*ping*

Thanks,
James

On Tue, Jun 24, 2014 at 09:45:28AM +0100, James Greenhalgh wrote:
> 
> Hi,
> 
> vec_concat ( { a, b }, { c, d }) should give a new vector { a, b, c, d }.
> 
> On big-endian aarch64 targets, we have to think carefully about what this
> means as we map GCC's view of endian-ness on to ours. GCC (for reasons I have
> yet to understand) likes to describe lane-extracts from a vector as
> endian-ness dependant bit-field extracts. This cause major headaches, and
> means we have to pretend throughout the backend that lane zero is at the
> high bits of a vector register.
> 
> When we have a machine instruction which zeroes the high bits of a vector
> register, and we want to describe it in RTL, the natural little-endian view is
> vec_concat ( operand, zeroes ). The reality described above implies that the
> correct description on big-endian systems is vec_concat ( zeroes, operand ).
> 
> This also affects arm_neon.h intrinsics. When we say vcombine (a, b) we mean
> that a should occupy the low 64-bits and b the high 64 bits. We therefore
> need to take care to swap the operands to vec_concat when we are targeting
> big-endian.
> 
> This patch is messy, but it gives an notable improvement in the PASS
> rates for an internal testsuite for Neon intrinsics.
> 
> Tested on aarch64-none-elf and aarch64_be-none-elf with no issues, but no
> improvements either.
> 
> OK for trunk?
> 
> Thanks,
> James
> 
> ---
> gcc/
> 
> 2014-06-20  James Greenhalgh  <james.greenha...@arm.com>
> 
>       * config/aarch64/aarch64-simd.md (move_lo_quad_internal_<mode>): New.
>       (move_lo_quad_internal_be_<mode>): Likewise.
>       (move_lo_quad_<mode>): Convert to define_expand.
>       (aarch64_simd_move_hi_quad_<mode>): Gate on BYTES_BIG_ENDIAN.
>       (aarch64_simd_move_hi_quad_be_<mode>): New.

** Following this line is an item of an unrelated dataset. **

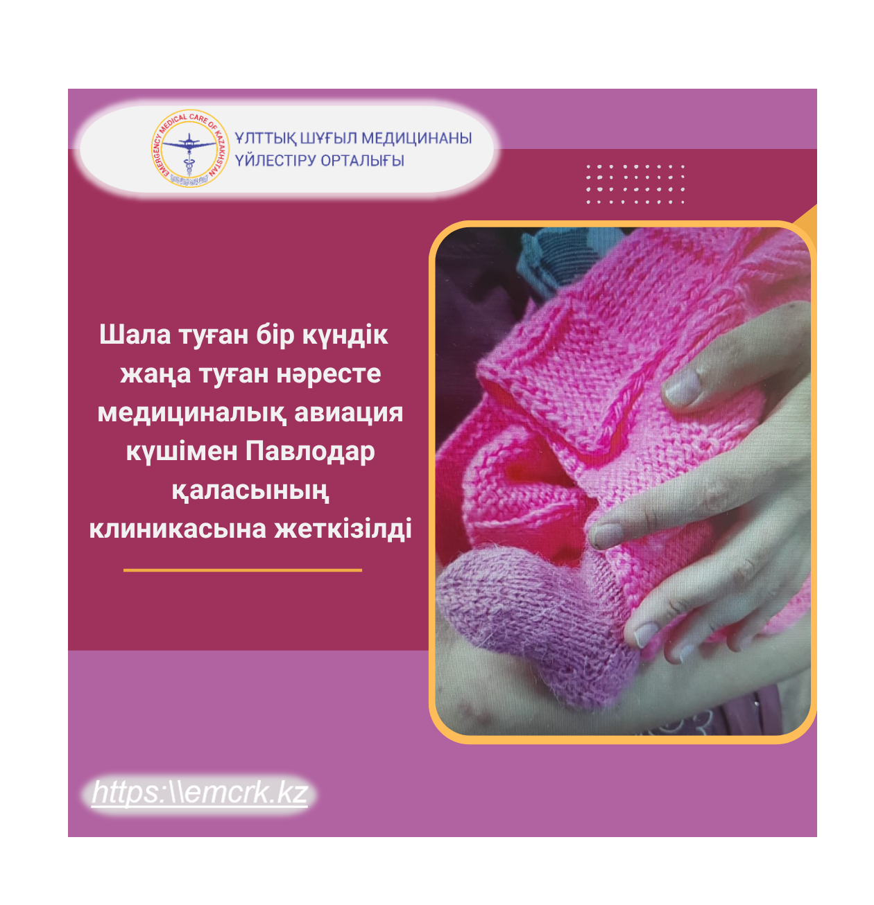 Шала туған бір күндік жаңа туған нәресте медициналық авиация күшімен Павлодар қаласының клиникасына жеткізілді

>       (move_hi_quad_<mode>): Use appropriate insn for BYTES_BIG_ENDIAN.
>       (aarch64_combinez<mode>): Gate on BYTES_BIG_ENDIAN.
>       (aarch64_combinez_be<mode>): New.

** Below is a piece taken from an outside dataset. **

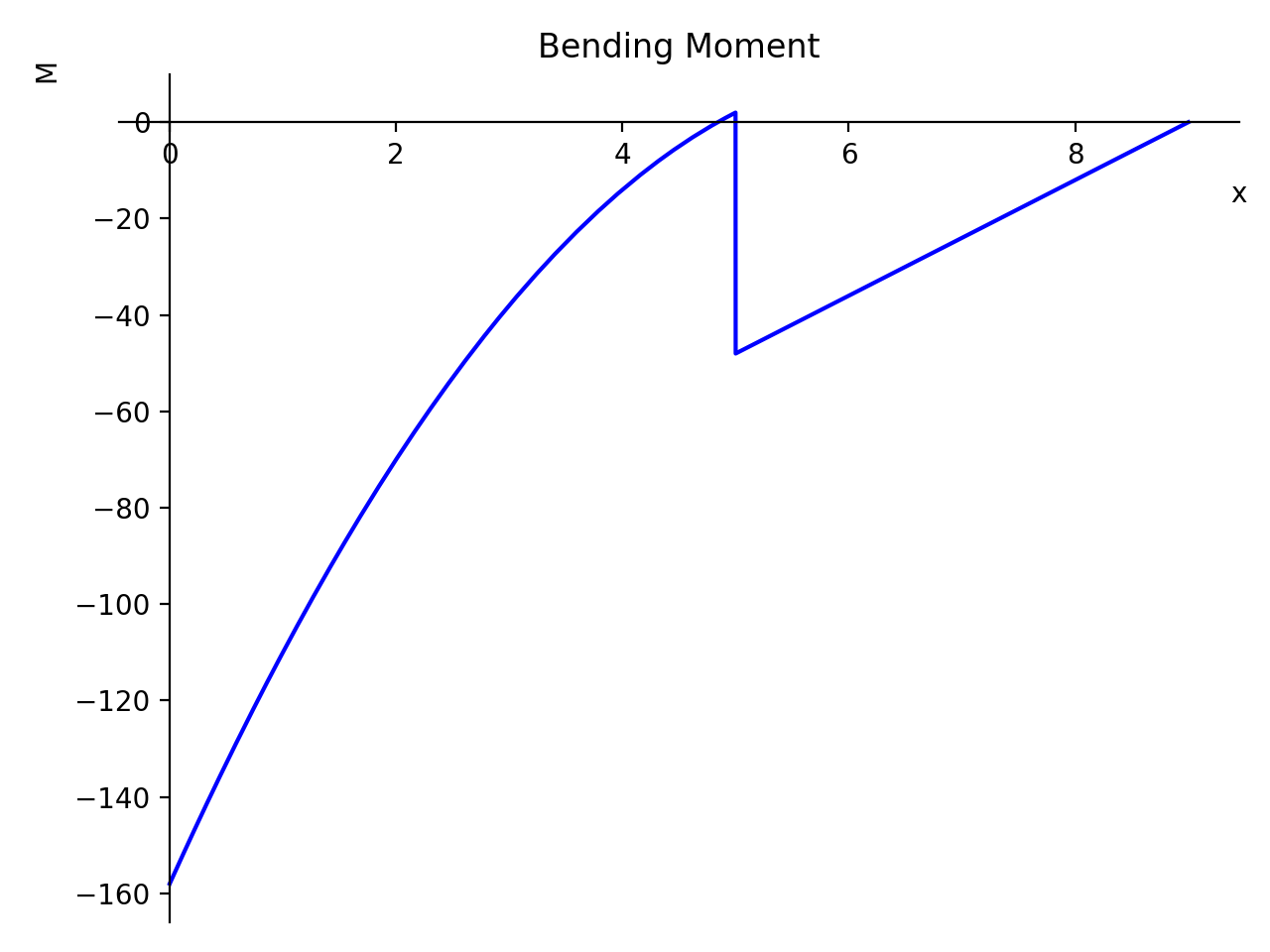 At this point, the beam is fully defined and the internal shear and bending moments are calculated:

>       (aarch64_combine<mode>): Convert to define_expand.
>       (aarch64_combine_internal<mode>): New.
>       (aarch64_simd_combine<mode>): Remove bogus RTL description.
> 

> diff --git a/gcc/config/aarch64/aarch64-simd.md 
> b/gcc/config/aarch64/aarch64-simd.md
> index 
> 6b81d811b70bd157207f7753027309442ec9e8b5..00e2206b200fd32c6df5987d7317687488e8dadd
>  100644
> --- a/gcc/config/aarch64/aarch64-simd.md
> +++ b/gcc/config/aarch64/aarch64-simd.md
> @@ -942,14 +942,38 @@ (define_insn "<su><maxmin><mode>3"
>    [(set_attr "type" "neon_minmax<q>")]
>  )
>  
> -;; Move into low-half clearing high half to 0.
> +;; vec_concat gives a new vector with the low elements from operand 1, and
> +;; the high elements from operand 2.  That is to say, given op1 = { a, b }
> +;; op2 = { c, d }, vec_concat (op1, op2) = { a, b, c, d }.
> +;; What that means, is that the RTL descriptions of the below patterns
> +;; need to change depending on endianness.
> +
> +;; Move to the low architectural bits of the register.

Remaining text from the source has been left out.